▶ _EXCERPTED RECORDS_:

# # #

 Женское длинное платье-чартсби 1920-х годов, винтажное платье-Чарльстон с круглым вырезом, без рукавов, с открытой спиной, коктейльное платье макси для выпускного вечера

# # #

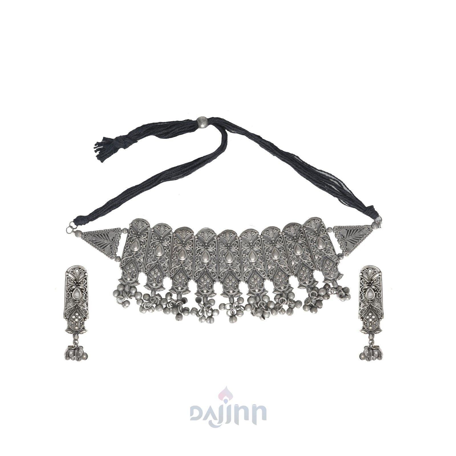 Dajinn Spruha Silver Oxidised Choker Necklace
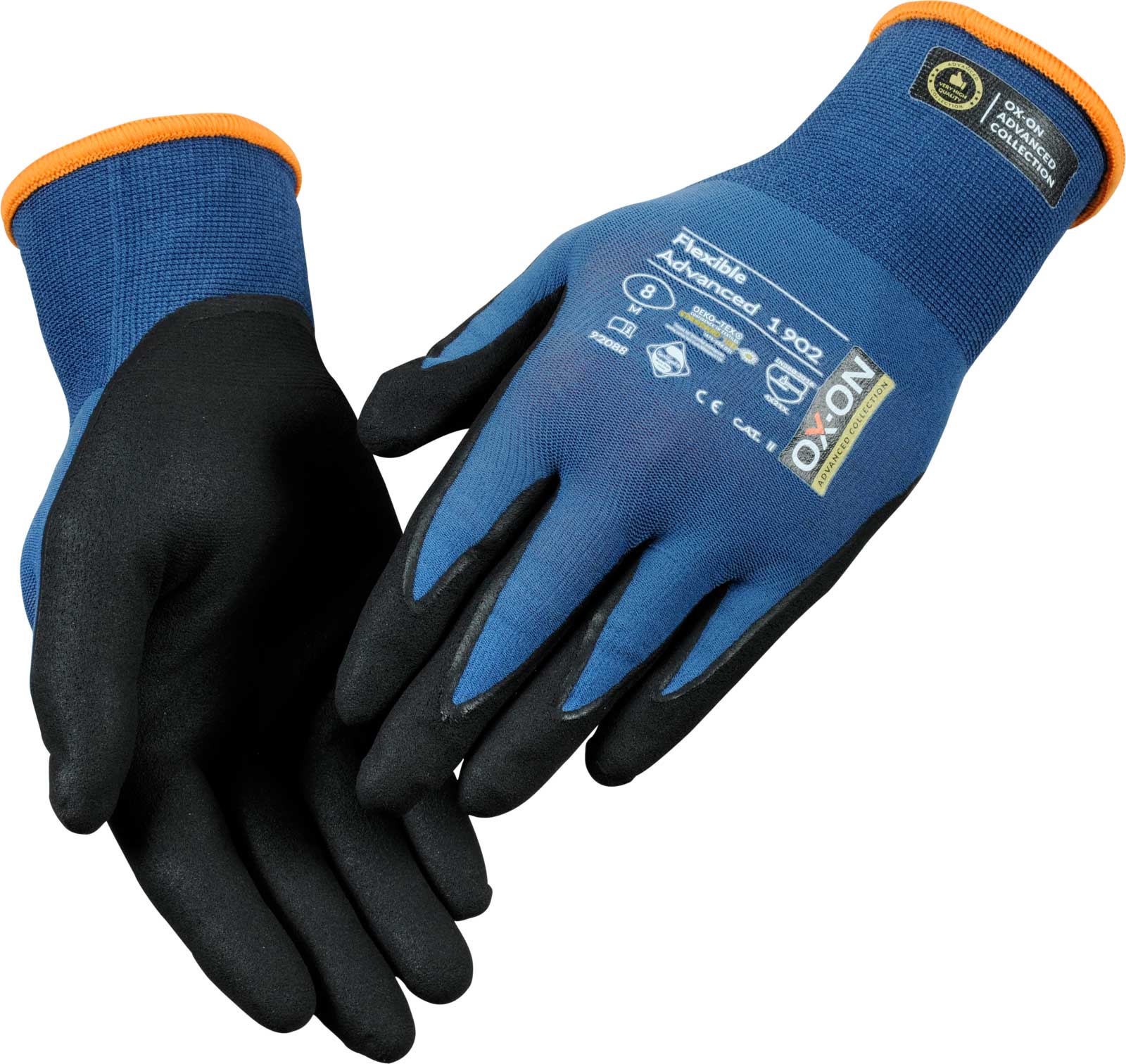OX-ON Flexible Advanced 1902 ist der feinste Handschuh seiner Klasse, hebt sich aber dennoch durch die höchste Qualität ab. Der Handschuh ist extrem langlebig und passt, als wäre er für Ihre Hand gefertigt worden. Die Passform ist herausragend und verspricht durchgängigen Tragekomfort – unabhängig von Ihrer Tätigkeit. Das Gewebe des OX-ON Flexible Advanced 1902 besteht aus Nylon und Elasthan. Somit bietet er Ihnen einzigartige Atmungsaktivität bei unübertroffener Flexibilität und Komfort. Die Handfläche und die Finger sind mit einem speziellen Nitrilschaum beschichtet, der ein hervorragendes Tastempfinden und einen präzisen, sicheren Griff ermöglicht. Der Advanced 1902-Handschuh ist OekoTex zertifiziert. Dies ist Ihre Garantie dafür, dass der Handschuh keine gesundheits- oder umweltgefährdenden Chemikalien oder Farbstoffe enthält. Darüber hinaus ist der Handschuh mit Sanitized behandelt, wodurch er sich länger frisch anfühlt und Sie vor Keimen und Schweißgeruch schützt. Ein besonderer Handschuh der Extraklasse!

# # #

▶ _EXERCISE DETAILS_:
In the data above, find the line with "Dajinn Spruha Silver" and the line with "OX-ON Flexible Advanced 1902 ist". Please copy exactly those two lines and every line between them, but not the pictures.

▶ _OUTPUT OF THE EXERCISE_:
 Dajinn Spruha Silver Oxidised Choker Necklace
OX-ON Flexible Advanced 1902 ist der feinste Handschuh seiner Klasse, hebt sich aber dennoch durch die höchste Qualität ab. Der Handschuh ist extrem langlebig und passt, als wäre er für Ihre Hand gefertigt worden. Die Passform ist herausragend und verspricht durchgängigen Tragekomfort – unabhängig von Ihrer Tätigkeit. Das Gewebe des OX-ON Flexible Advanced 1902 besteht aus Nylon und Elasthan. Somit bietet er Ihnen einzigartige Atmungsaktivität bei unübertroffener Flexibilität und Komfort. Die Handfläche und die Finger sind mit einem speziellen Nitrilschaum beschichtet, der ein hervorragendes Tastempfinden und einen präzisen, sicheren Griff ermöglicht. Der Advanced 1902-Handschuh ist OekoTex zertifiziert. Dies ist Ihre Garantie dafür, dass der Handschuh keine gesundheits- oder umweltgefährdenden Chemikalien oder Farbstoffe enthält. Darüber hinaus ist der Handschuh mit Sanitized behandelt, wodurch er sich länger frisch anfühlt und Sie vor Keimen und Schweißgeruch schützt. Ein besonderer Handschuh der Extraklasse!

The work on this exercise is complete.